Earlier this year I contributed a guest post at Copyblogger on the fact that copywriters need to understand data. Their editors had a little fun with my headline (they threw in the “get out of the business” bit) but they have a point. Copywriters who aren’t data driven may soon find demand for their skills fade.
Today I was thinking a bit more about fluency in data and I think it’s even broader. Basically, in any facet of marketing, media or PR data is everyone’s domain. The fact that you can now easily get feedback on your activities, to not do so is to ignore a powerful mechanism to improve.
What I think is especially funny (or concerning) is that people still think digital is hard to measure. I always almost fall out of my chair when I hear that. Digital is easier to measure, you just need to understand what metrics matter and have the right tools setup at the start.

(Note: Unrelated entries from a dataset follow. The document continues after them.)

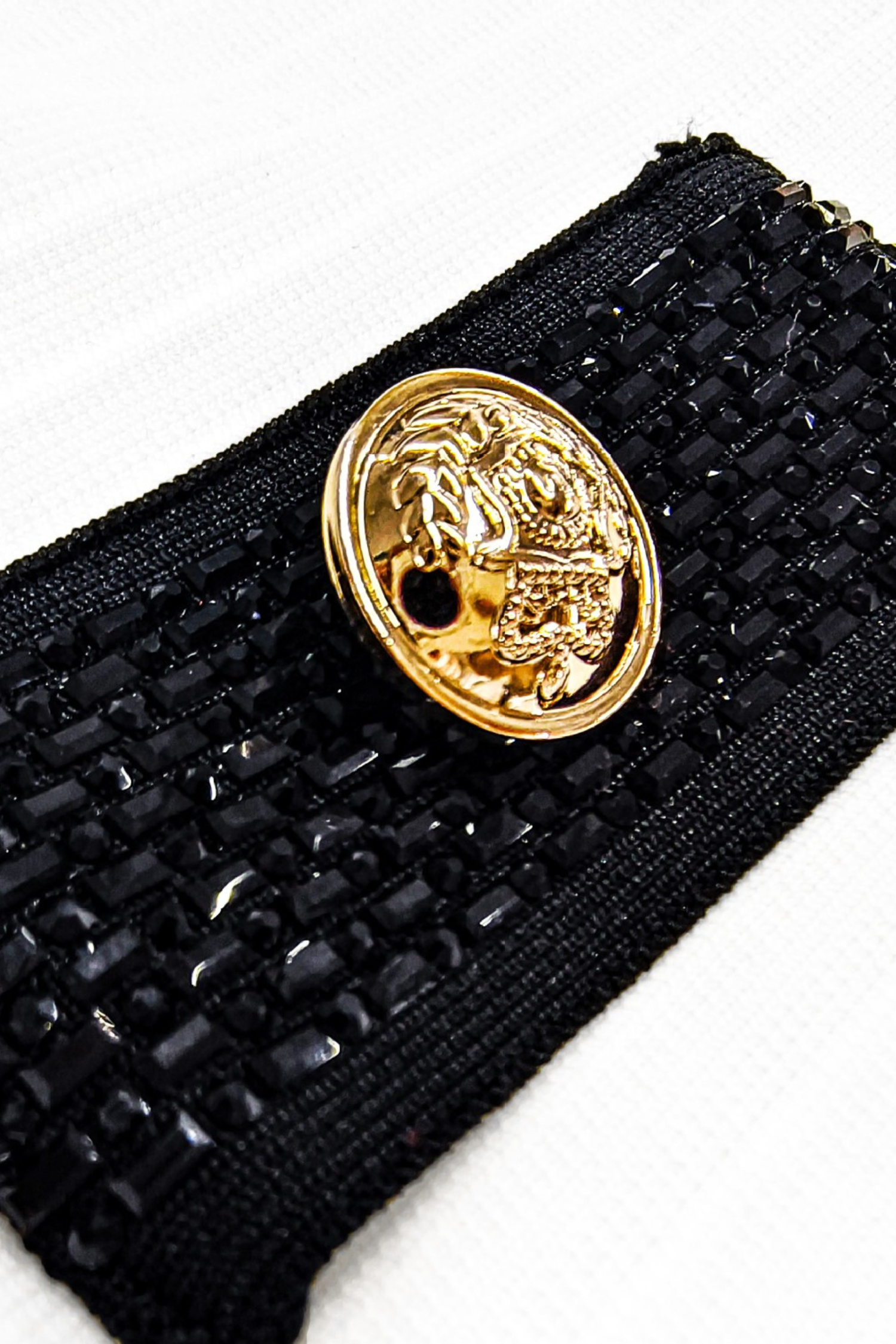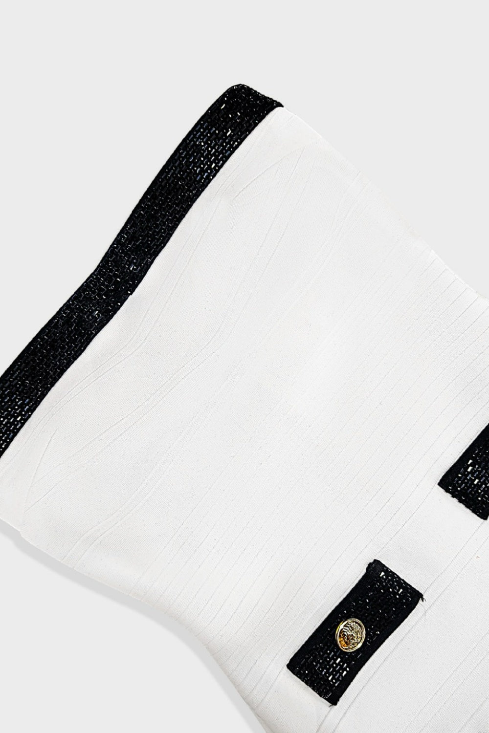 Indulge in luxury with the Anklyn Ribbed Strapless Midi Bandage Dress. This exquisite dress features a ribbed design and a strapless silhouette for a chic and timeless look. Crafted with high-quality bandage material, it hugs your curves in all the right places, making you feel confident and sophisticated. Perfect for any special occasion, this dress is a must-have for your wardrobe.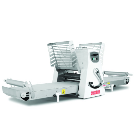 The Sirio dough sheeters are designed to produce very thin sheets of dough free from wrinkles or tears. The fold-up surfaces and shielded bearings ensure maximum efficiency and cleanliness. The digital display and newly designed intuitive joystick ensure optimal dough thickness with minimal effort, for improved baking and shape to produce pastries and cakes that are as beautiful as they are delicious. The rolling direction can be reversed with ease via joystick and foot pedal. Available as a benchtop or freestanding model and in single or variable speed configurations. The Sirio comes in two belt widths based on your requirements: 500 or 600mm. On the freestanding models the shelves can be folded to reduce the overall dimensions when the machine is at rest and are mounted on wheels for easy movement. The Sirio 500/850 is a benchtop machine and is distinguished by its single speed operation and 850mm x 500mm belts on either side.
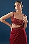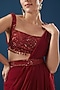 Featuring a crimson red layered ruffle saree in cotton silk and georgette base. It is paired with a blouse having diamond embroidery, an embroidered belt and a bag. Style it with a necklace and earrings for a wedding or reception ceremony.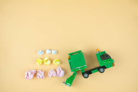 Green plastic garbage truck with colorful crumpled paper balls. The concept of uniqueness. Minimalist business recycling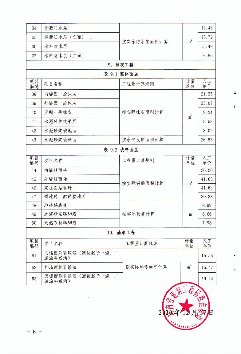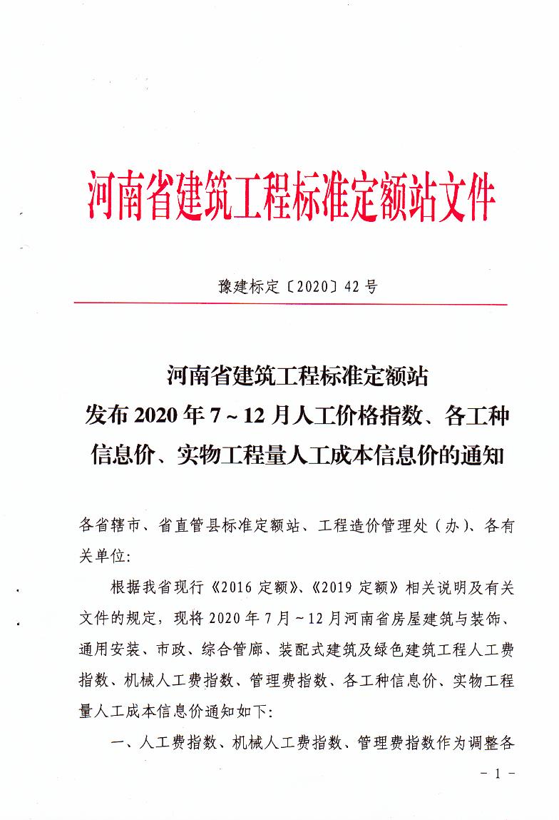 豫建标定【2020】42号 河南省建筑工程标准定额站发布2020年7—12月人工价格指数、各工种信息价、实物工程量人工成本信息价的通知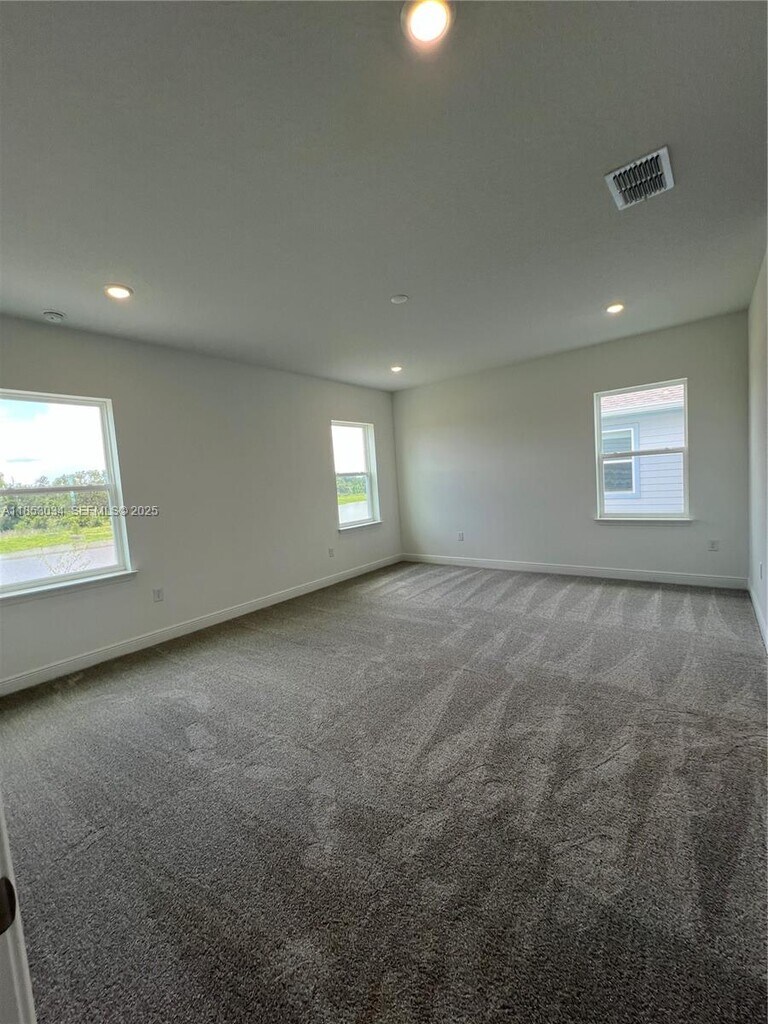 Brand new 4 beds, 3 full and 1 half baths, flex room and loft house in Lake Nona/Orlando with views to the lake. Large living, dining, kitchen open design, creating an inviting atmosphere for entertaining and everyday living. Many upgrades. Modern kitchen, SS appliances, quartz countertop, large center island, pantry. Blinds on windows. 1st floor: 1 bed with bathroom and a huge flex room w/ views to the lake (office, game room, etc). 2nd floor: luxurious master suite w/ 2 large walk-in closets, 2 bedrooms, 1 bathroom, laundry room (sink, cabinets, washer/dryer), spacious loft/den area. 2 car garage, extra parking in the driveway. Large backyard. Porch. Clubhouse. Security system. Walk to top rated elementary/middle schools. Close to shopping, medical ctrs, aquatic park, UCF, more.Pets ok.

Let me throw some questions at you:
- What have you done to improve your website conversions this month?
- Do you even know what % of your website visitors convert to sale or lead?
- Which of your online marketing tactics provided the most return last month?
- What was your most successful piece of content created last month? How do you know?
- How many (and how effective) were the organic shares of your blog content last month?
Did you know all the answers? If yes, awesome, you’re probably an analytics Jedi (go make friends with Avinash if you aren’t already). If no (or someone on your team doesn’t know) you should bring them up to speed.
There are too many potential tactics and ideas you could implement digitally. It is actually what you don’t do that defines your digital marketing success. And data is the key to understand what’s working and what’s not.
You can’t consistently improve results or be at all strategic in your marketing and PR if you don’t know what’s producing, (and why) how to report results meaningfully to make a case for more budget and iterate/refine.